For solution providers, New Moon offers solid margins, a limited distribution plan that cuts back on inter-partner competition, and a channel-only sales strategy, Herrmann said.

"They can offer an alternative for customers if they don't see a fit for MetaFrame from a functionality, complexity or budgetary perspective," he said.

Customers are attracted to Canaveral iQ because it is easy to administrate, said Mike Johnson, network administrator at Broadway Computers, a solution provider in Frostburg, Md. "It's so much easier for them to use [than MetaFrame], and we don't have to be there all the time," he said.

Thus far, Broadway has three Canaveral iQ customers, including a 24-branch Maryland bank with 350 users that plans to add 200 more, Johnson said.

Canaveral iQ is also less expensive, costing an average of 40 percent to 60 percent less than Citrix's list prices, Herrmann said.

New Moon prices Canaveral iQ at $179 per concurrent user. Citrix recently launched Feature Release 3 of its MetaFrame XP Presentation Server, priced at $5,800 for a concurrent 20-user license, or $290 per user.

With the new version of Canaveral iQ, scheduled to ship this quarter, New Moon introduced Canaveral Client Policy Engine, a component of the platform that administrators can use to set usage and security policies to groups of client devices according to factors such as IP range, NetBIOS names or operating system.

For example, a user logging in through a computer at an Internet cafe might not be allowed to save or print files locally but would have those capabilities when accessing applications from a desktop on the LAN, Herrmann said. "We look not only at who's logging in but also where he logs in from," he said.

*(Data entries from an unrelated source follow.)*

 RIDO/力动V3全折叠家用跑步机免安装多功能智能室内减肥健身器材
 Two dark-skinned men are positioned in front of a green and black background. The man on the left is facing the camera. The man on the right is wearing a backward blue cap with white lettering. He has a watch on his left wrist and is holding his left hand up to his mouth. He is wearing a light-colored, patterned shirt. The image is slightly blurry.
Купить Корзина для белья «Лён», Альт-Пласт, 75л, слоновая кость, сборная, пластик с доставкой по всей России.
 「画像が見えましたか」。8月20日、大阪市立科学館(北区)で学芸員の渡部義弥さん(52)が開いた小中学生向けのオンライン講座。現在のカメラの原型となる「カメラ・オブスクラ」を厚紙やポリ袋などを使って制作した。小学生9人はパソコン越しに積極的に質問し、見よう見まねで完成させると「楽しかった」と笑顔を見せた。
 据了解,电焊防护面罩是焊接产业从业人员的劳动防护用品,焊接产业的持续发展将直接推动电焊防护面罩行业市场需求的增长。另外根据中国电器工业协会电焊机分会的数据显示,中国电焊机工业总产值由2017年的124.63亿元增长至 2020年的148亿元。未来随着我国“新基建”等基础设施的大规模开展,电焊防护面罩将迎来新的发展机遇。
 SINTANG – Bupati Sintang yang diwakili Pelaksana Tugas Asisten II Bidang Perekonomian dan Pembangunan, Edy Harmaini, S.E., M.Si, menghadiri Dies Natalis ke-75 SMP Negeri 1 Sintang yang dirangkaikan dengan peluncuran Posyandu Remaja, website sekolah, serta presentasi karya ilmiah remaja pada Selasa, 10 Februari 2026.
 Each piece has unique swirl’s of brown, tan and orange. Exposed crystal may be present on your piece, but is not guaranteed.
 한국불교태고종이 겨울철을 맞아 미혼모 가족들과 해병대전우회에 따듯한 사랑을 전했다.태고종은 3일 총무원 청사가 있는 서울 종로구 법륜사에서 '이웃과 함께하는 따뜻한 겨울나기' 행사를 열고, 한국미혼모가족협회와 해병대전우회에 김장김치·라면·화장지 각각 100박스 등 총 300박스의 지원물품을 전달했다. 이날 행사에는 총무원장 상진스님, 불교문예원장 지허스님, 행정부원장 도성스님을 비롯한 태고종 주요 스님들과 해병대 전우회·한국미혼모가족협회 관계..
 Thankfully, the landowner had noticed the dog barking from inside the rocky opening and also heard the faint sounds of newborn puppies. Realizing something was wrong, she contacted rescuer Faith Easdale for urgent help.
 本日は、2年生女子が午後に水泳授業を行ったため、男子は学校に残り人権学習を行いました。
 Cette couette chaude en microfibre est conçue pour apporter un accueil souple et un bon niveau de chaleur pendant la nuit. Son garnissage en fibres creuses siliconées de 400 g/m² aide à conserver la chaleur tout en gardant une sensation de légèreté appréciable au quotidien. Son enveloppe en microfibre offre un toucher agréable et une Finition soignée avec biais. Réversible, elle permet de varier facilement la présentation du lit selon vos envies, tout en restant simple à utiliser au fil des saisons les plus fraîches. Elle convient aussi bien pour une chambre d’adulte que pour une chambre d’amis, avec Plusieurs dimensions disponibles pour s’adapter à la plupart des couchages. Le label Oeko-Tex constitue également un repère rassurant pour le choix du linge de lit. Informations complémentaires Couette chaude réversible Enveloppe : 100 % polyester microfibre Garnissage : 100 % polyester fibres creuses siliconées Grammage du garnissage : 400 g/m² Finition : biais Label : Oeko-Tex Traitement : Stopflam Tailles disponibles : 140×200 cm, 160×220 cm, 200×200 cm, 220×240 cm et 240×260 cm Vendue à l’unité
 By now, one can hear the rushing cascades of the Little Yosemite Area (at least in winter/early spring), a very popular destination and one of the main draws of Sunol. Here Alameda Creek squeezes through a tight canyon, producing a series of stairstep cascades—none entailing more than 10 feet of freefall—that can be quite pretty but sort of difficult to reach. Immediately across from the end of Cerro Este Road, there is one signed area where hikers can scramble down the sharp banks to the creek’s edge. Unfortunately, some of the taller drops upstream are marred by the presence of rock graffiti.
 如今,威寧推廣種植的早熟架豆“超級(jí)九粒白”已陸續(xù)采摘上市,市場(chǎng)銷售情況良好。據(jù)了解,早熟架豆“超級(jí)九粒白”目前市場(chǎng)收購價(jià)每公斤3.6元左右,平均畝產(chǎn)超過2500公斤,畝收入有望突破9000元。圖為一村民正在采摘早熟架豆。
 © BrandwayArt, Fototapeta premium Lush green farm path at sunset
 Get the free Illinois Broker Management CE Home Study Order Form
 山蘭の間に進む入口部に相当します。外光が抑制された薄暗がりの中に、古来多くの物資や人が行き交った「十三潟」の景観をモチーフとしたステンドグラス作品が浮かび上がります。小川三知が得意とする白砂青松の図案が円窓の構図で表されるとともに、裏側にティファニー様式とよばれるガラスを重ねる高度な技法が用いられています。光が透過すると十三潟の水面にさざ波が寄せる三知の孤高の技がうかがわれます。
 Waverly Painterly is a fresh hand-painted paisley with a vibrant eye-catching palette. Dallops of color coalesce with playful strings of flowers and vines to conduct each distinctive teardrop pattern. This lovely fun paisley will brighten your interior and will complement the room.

New Moon also introduced Canaveral Relay Server, a component that routes traffic through a single, commonly used firewall port, providing easier firewall traversal and shielding servers from exposure outside the firewall, Herrmann said.

Another new feature, intelligent file associations, enables end users to launch remote applications by opening local files. If the remote application is not available, the system will automatically open the local version of the application if one exists, he said.

In addition, version 2.0 takes advantage of Microsoft's Remote Desktop Protocol (RDP) 5.2, introduced with Windows Server 2003, which adds support for 24-bit True color, audio, serial port redirection, and increased resolution, WAN performance and security.

The Citrix MetaFrame platform offers similar features through its proprietary Independent Computing Architecture (ICA) protocol.

Canaveral iQ 2.0 is scheduled to ship this quarter.